Co-produced by Brad Pitt's Plan B Entertainment, the $50 million OKJA is heavy-handed at times, but for the most part, it does a good job of balancing the very Spielbergian relationship between Mija and Okja with its desire to be the DR. STRANGELOVE of GMO takedowns (in lesser hands, this would probably be called OKJA AND ME). The targets are easy, but the jokes land and the jabs leave some bruising, whether it's the tacit dismissal of US consumers having any qualms about eating genetically modified food ("If it's cheap, they'll eat it," and "It's all edible except the squeal"), or the extreme level of conviction of some of the privileged ALF kids, like rail-thin Silver (Devon Bostick), who goes days without eating to minimize his footprint and chronically passes out (Jay: "I admire your conviction, Silver, but your pallid complexion concerns me").

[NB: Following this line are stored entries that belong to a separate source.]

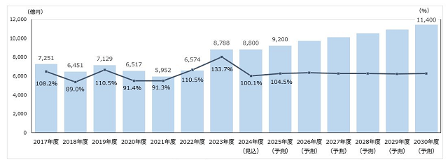 今後一層、SDGsやカーボンニュートラルへの対応が求められ、環境負荷軽減に寄与する木の活用ニーズは拡大すると考えられることから、2030年度の市場規模は、床面積ベースで410万㎡(2023年度比22.7%増)、工事費予定額ベースで1兆1400億円(同29.7%増)に拡大する見通し。現在、大企業が中心のESG経営が中小企業にも広まることで、市場拡大を後押しすると期待される。
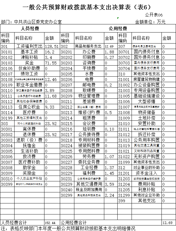 六、一般公共预算财政拨款基本支出决算表(表6)
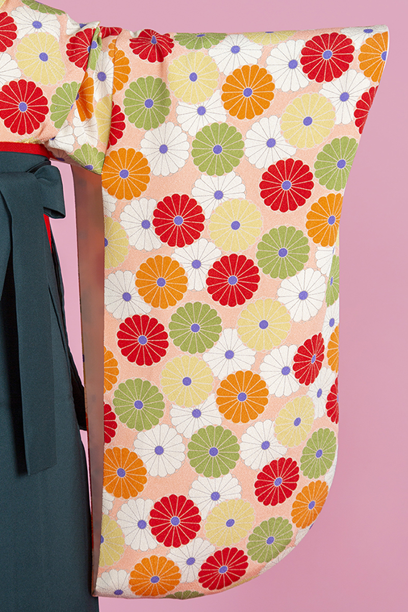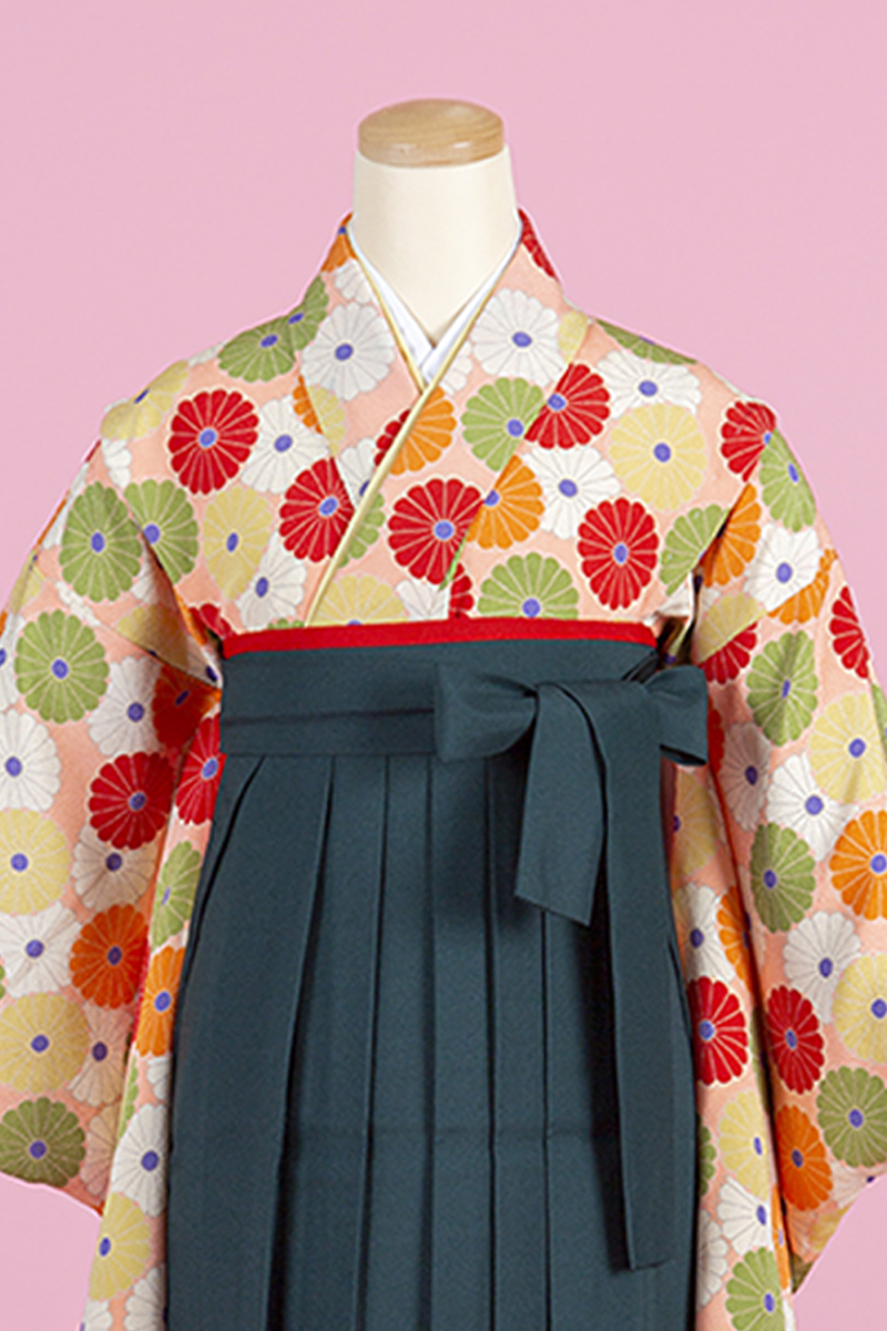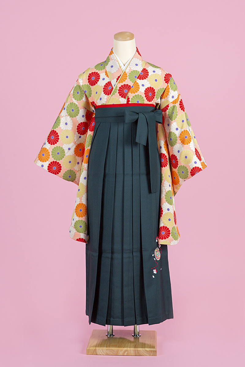 どこか懐かしいレトロ感漂う雰囲気の着物にグリーンの袴を合わせておしゃれガールの完成!ピンポンマムが華やかさを演出します。【※注意※】着物(二尺振袖)の地色はピンクベージュとなっております。

There's also one laugh-out-loud moment in a Mirando situation room where everyone's watching the events unfold in Seoul and each person present in the room assumes the exact position of a counterpart in the famous shot of President Obama and others watching the raid that took out Bin Laden, complete with Swinton's Lucy with her hand over her mouth just like Hillary Clinton and madman Dr. Johnny taking the Joe Biden spot. There's no reason for it other than a quick sight gag, but it's the best visual joke of its kind since the one-sheet for THE TEXAS CHAINSAW MASSACRE PART 2 copying THE BREAKFAST CLUB or the "everybody rips everybody else off" line in SWINGERS that's immediately followed by the cast recreating the RESERVOIR DOGS opening credits.

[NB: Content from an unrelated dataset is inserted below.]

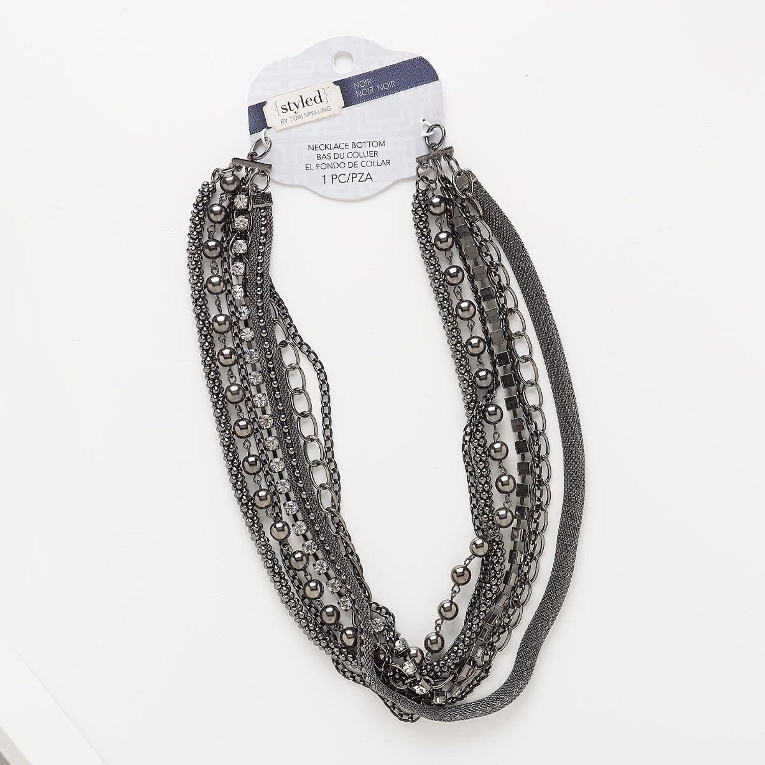 Necklace component, 7-strand, glass rhinestone / gunmetal-coated plastic / gunmetal-finished steel / "pewter" (zinc-based alloy), clear, 18 inches. Sold individually.

Sometimes Bong dampens the mood by going too dark, particularly in a horrifying and truly unsettling scene where a terrified Okja is subjected to a forced mating overseen by a drunk, cackling, rolling-around-on-the-floor Dr. Johnny. Gyllenhaal is clearly enjoying himself here, and his character's screechy, grating, whiny voice turning into Gyllenhaal's regular voice when Dr. Johnny goes in front of the camera is a amusing running gag, but the actor's performance might be a little too broad, frequently crossing the line into the grotesque, leaving zero room for any subtlety or nuance. Both of Swinton's characters are varying degrees of shrieking monsters (Nancy: "Fuck you, we're very proud of our accomplishments!" she yells in a warehouse full of genetically modified carcasses and pig parts, a blistering bit of absurdist humor that's as close as OKJA gets to "Gentlemen, you can't fight in here! This is the War Room!") that seem to spring from her Oscar-winning performance in MICHAEL CLAYTON, but she keeps it in check, even if there's no real reason she has to play twins other than Bong indulging his top-billed star who also has a producer credit on the film. Gyllenhaal, on the other hand, enters the film as Talk Show Robin Williams and just escalates it further from there. There's a couple of riveting action set pieces in Mija's pursuit of Okja, and indeed, the heart and soul of the film is young An, who has a strong resemblance to Bong's now grown-up HOST and SNOWPIERCER co-star Ko Asung. An turns in a remarkable performance as a lonely, sensitive girl willing to go to the ends of the earth to save her only friend. It helps that Okja herself is a convincingly CGI'd creation in a strange, uneven action/horror/comedy/monster movie/corporate satire that tries to be too many things at once, and while it does trip over itself and teeters on the verge of collapsing into a hot mess on a few occasions, it manages to pull pretty much all of them off.